Then there was light. I blinked rapidly, startled. A golden aura flared around Olaf’s hands. It began like a yellow fire, clean and bright. It grew brighter and brighter until it was like the sun, and I found I couldn’t look directly at it. I turned my head, my own heart racing, watching the edges of the light as it consumed the wound, blazing.
Tara spoke, a half-sobbing croak, “Yes, just keep your hands on him. Don’t lose focus.”
I watched, suspending belief that this could be happening. The green demon of jealousy only grew louder as Olaf seemed to work his miracle, but it was drowned out for now by the elation of the moment.
In another moment, he pulled his hands away and there was no wound. The bare flesh beneath the shattered suit was whole, pristine. It was still streaked and wet with the blood it had spewed forth only moments before. But the wound was gone.

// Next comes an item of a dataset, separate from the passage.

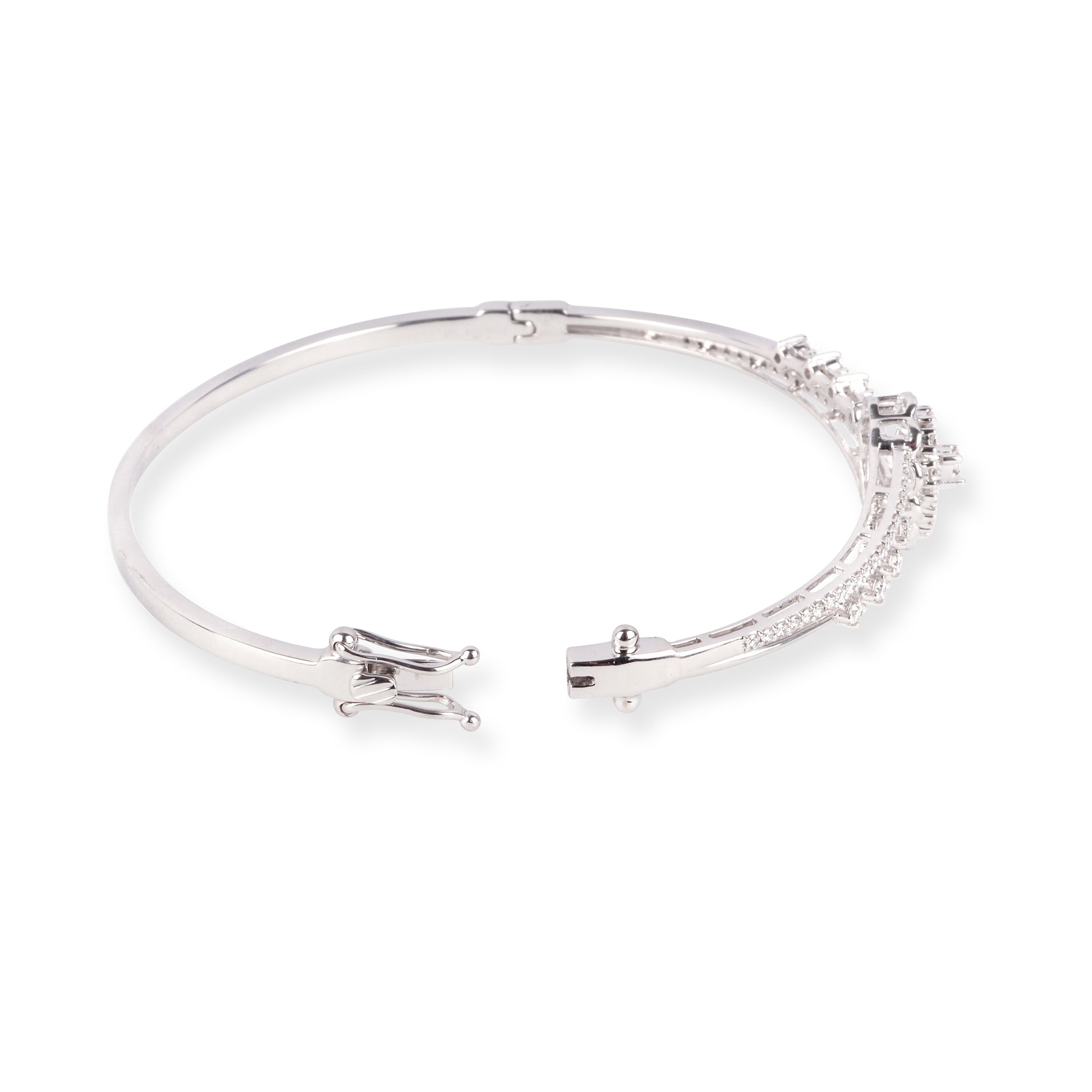 Verwöhnen Sie sich mit dem exquisiten Charme dieses 18 Karat Weißgold-Armreifs mit Diamanten , der zeitlose Eleganz und Raffinesse verkörpert. Der präzise gefertigte Armreif ist mit funkelnden Diamanten besetzt, die das Licht wunderschön einfangen und ihn zum perfekten Accessoire für jeden Anlass machen. Die luxuriöse Weißgoldfassung verstärkt das Funkeln der Diamanten und verleiht ihm einen klassischen und zugleich modernen Look, der jedes Outfit perfekt ergänzt.

Magneblade’s chest continued to rise. Weakly and uncertainly, but it rose and fell. He was still with us.
As though synchronized, we all slumped back. I fell into the snow and half-lay, half-sat there. There was a strange silent moment, a long surreal break. A spectator would have seen four godlike supersoldiers lying or sitting in the snow as though they had nothing better to do with their time than shoot the shit and make snow angels.
The silence stretched. Olaf was shell-shocked. He hadn’t been ready for action of any kind, let alone the madness I had thrust him into. I could see the drama of Magneblade’s wound, the urgency with which we had walked to the edge of the chasm of his life or death, had affected him. He sat, staring into nothing. Maybe he was wondering if becoming a Griidlord had been what he wanted after all.
Tara too was preoccupied. Her stare wasn’t as distant as Olaf’s—she remained aware of her surroundings. But I could see her pupils dancing as she thought, and I could only imagine the notions that flowed in and out of her consciousness.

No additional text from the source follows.